» **GOAL OF THE EXERCISE**:
From the line holding "之前在小公司做行政,每月要给" through the line holding "Denizli Büyükşehir Belediyesi’nin" below, write out every line exactly; include both of those lines and drop the pictures.

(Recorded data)
┄┄┄┄┄┄┄┄┄┄┄┄┄┄┄┄┄┄┄┄

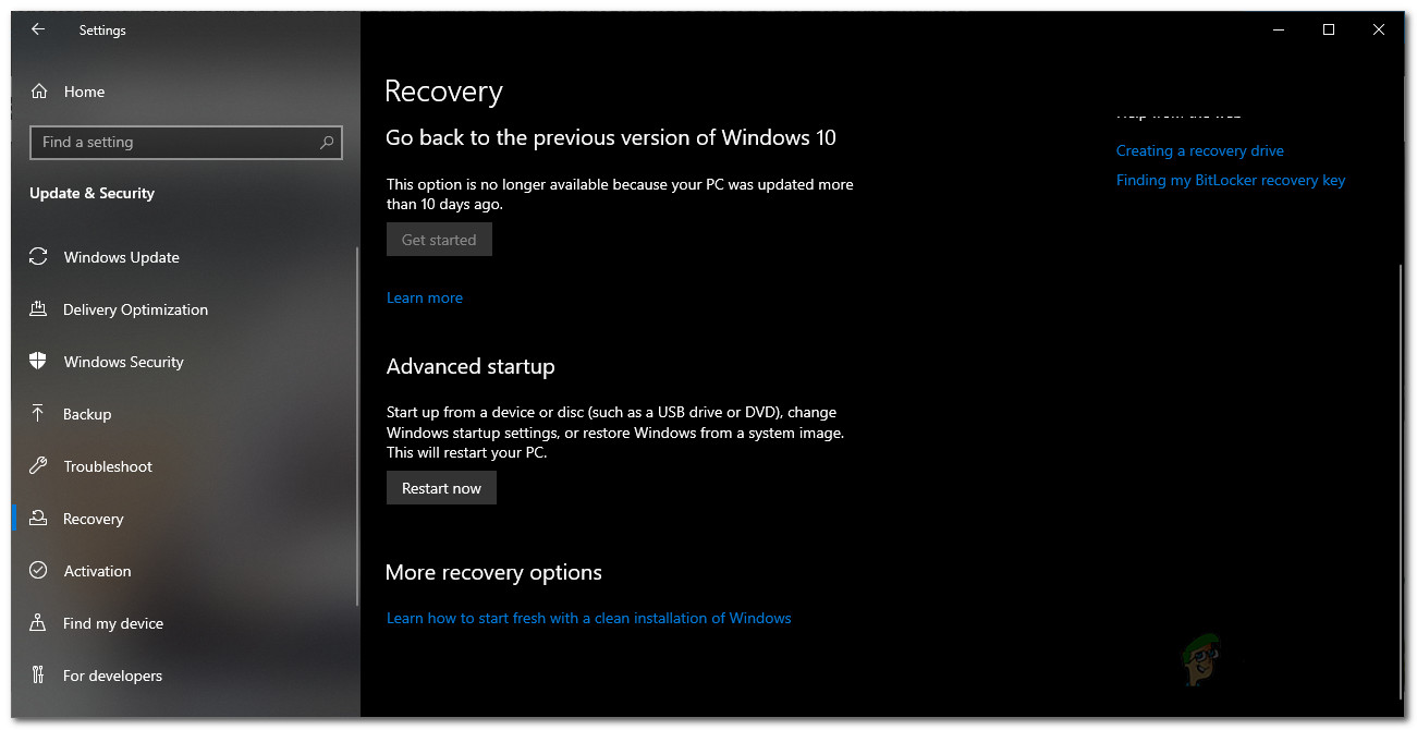 Windows Settings - On the Update & Security screen, go to the Recovery tab on the left-hand side.
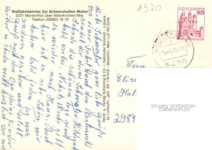 73054404 alte Postkarte Marienthal Westerwald Fliegeraufnahme Wallfahrtskirche Zur Schmerzhaften Mutter postalisch gelaufen Erhaltung siehe scans [KathaD81] KatCode: 11110007132102
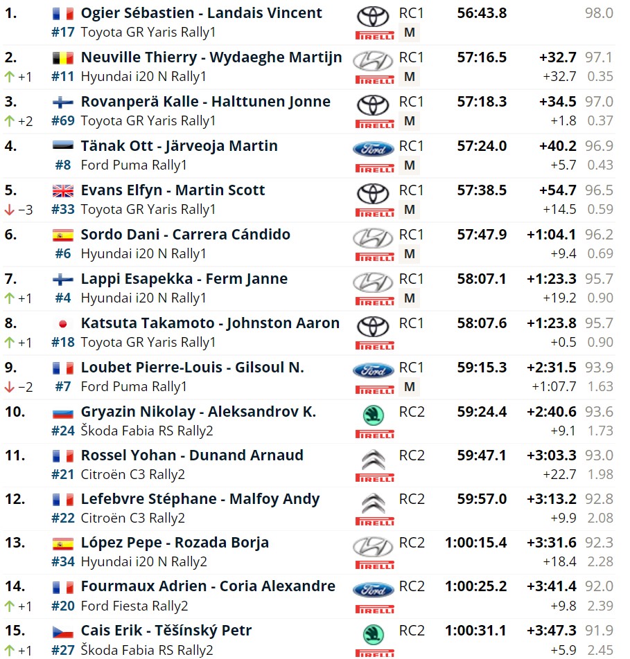 Classifica provvisoria Rallye Monte-Carlo 2023
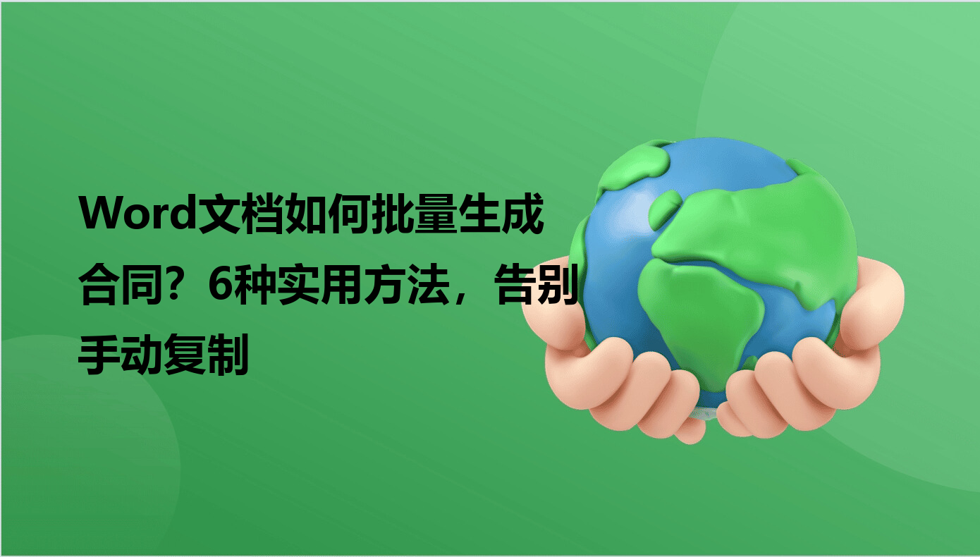 之前在小公司做行政,每月要给20+客户发合同,手动复制粘贴改信息改到眼瞎!有次某公司名字打错导致合同作废,被老板念叨了半个月...后来发现原来批量生成合同没那么难,那么word文档如何批量生成合同?试了6款工具后整理出这篇超实用的教程,数据安全、操作难度、价格全给你们对比透~
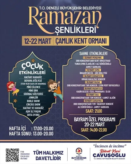 Denizli Büyükşehir Belediyesi’nin Ramazan ayı boyunca mahallelerde düzenlediği etkinliklerin finali 12–22 Mart tarihleri arasında Çamlık Kent Ormanı’nda yapılacak. Çocuk etkinliklerinden konserlere uzanan zengin programda Orhan Hakalmaz da sahne alacak.
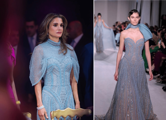 Koningin Rania draagt graag couture van moderne, westerse modehuizen. Tegelijkertijd wil ze ook rekening houden met het islamtische deel van haar land. De ontwerpen die op de catwalk worden getoond, worden voor haar dan ook speciaal gekuist. Hieronder zie je drie mooie voorbeelden.

┄┄┄┄┄┄┄┄┄┄┄┄┄┄┄┄┄┄┄┄

» **RESULT OF THE EXERCISE**:
 之前在小公司做行政,每月要给20+客户发合同,手动复制粘贴改信息改到眼瞎!有次某公司名字打错导致合同作废,被老板念叨了半个月...后来发现原来批量生成合同没那么难,那么word文档如何批量生成合同?试了6款工具后整理出这篇超实用的教程,数据安全、操作难度、价格全给你们对比透~
 Denizli Büyükşehir Belediyesi’nin Ramazan ayı boyunca mahallelerde düzenlediği etkinliklerin finali 12–22 Mart tarihleri arasında Çamlık Kent Ormanı’nda yapılacak. Çocuk etkinliklerinden konserlere uzanan zengin programda Orhan Hakalmaz da sahne alacak.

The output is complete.